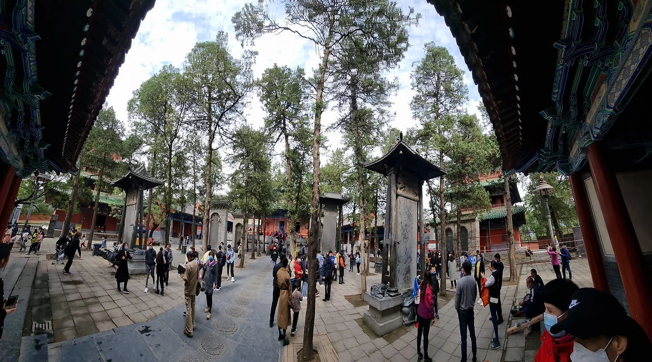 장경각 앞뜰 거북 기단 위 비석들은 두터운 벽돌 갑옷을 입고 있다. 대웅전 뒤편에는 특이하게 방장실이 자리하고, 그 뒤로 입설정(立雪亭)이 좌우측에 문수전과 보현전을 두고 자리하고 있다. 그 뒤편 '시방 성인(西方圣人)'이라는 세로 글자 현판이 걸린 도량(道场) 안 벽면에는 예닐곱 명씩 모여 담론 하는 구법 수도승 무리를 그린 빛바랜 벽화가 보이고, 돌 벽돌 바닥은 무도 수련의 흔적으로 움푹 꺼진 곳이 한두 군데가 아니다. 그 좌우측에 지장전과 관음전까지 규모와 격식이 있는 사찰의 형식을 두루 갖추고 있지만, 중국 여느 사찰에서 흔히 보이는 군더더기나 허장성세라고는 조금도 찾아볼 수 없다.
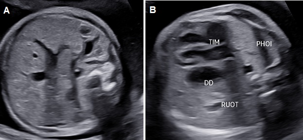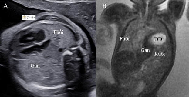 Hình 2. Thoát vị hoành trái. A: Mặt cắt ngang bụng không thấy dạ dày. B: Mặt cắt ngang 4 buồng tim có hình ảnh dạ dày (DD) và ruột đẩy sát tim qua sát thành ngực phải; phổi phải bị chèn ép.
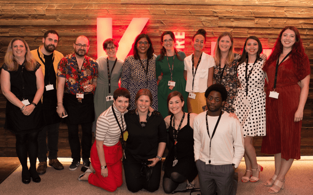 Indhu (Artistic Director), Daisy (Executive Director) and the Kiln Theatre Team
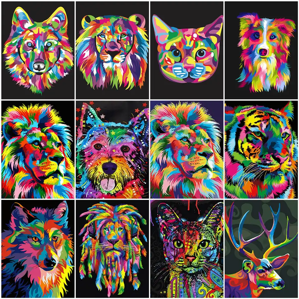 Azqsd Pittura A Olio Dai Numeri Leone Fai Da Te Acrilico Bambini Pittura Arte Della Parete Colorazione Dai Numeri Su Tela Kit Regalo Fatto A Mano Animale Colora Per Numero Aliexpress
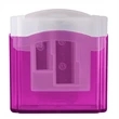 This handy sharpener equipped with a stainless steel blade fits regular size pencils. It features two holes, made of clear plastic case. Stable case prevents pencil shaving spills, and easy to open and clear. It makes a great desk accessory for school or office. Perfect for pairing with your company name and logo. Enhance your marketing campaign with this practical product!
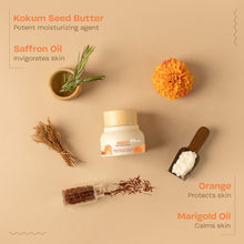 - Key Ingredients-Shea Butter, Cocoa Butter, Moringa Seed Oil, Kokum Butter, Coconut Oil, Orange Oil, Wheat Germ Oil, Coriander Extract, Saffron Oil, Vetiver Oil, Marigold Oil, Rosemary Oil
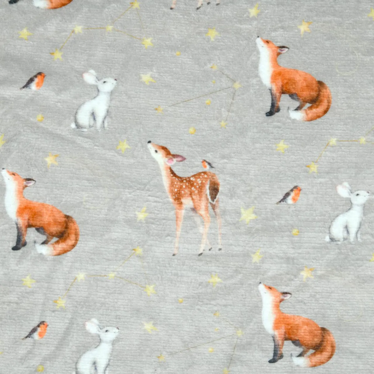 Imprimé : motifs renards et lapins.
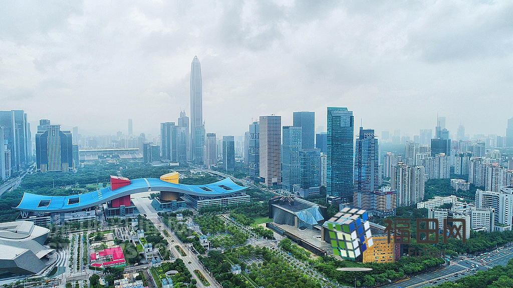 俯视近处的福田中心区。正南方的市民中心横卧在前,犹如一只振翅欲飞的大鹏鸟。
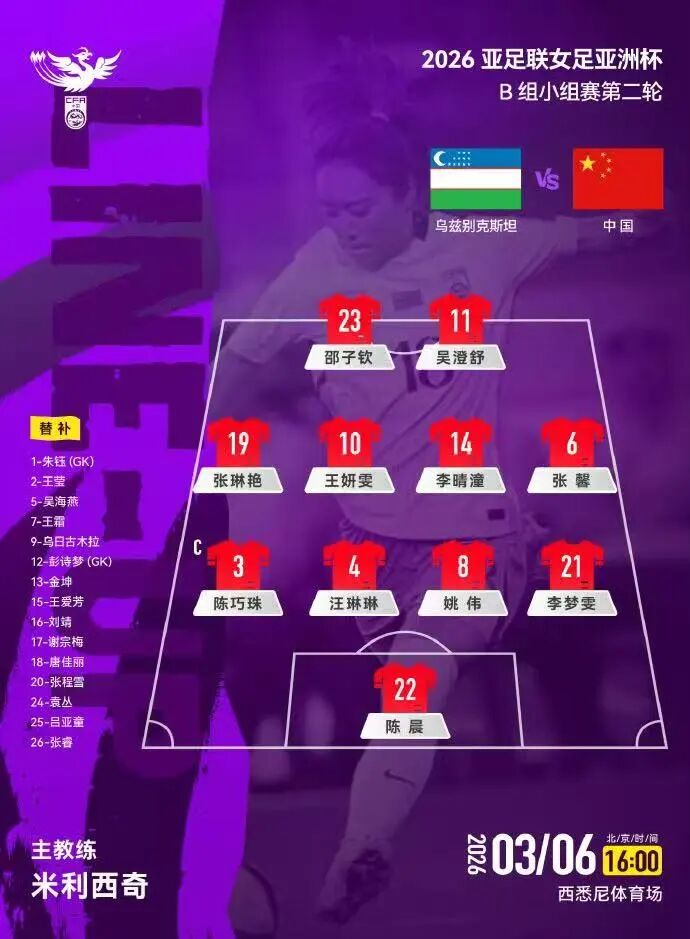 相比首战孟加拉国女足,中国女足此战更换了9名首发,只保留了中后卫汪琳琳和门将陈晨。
::::::::
* PROMPT *
Where the line containing "俯视近处的福田中心区。正南方的市民中心横卧在前,犹如一只振翅欲飞的大鹏鸟。" appears in the data above, begin there and output every line through the last, exactly and without pictures.

* RESPONSE *
 俯视近处的福田中心区。正南方的市民中心横卧在前,犹如一只振翅欲飞的大鹏鸟。
 相比首战孟加拉国女足,中国女足此战更换了9名首发,只保留了中后卫汪琳琳和门将陈晨。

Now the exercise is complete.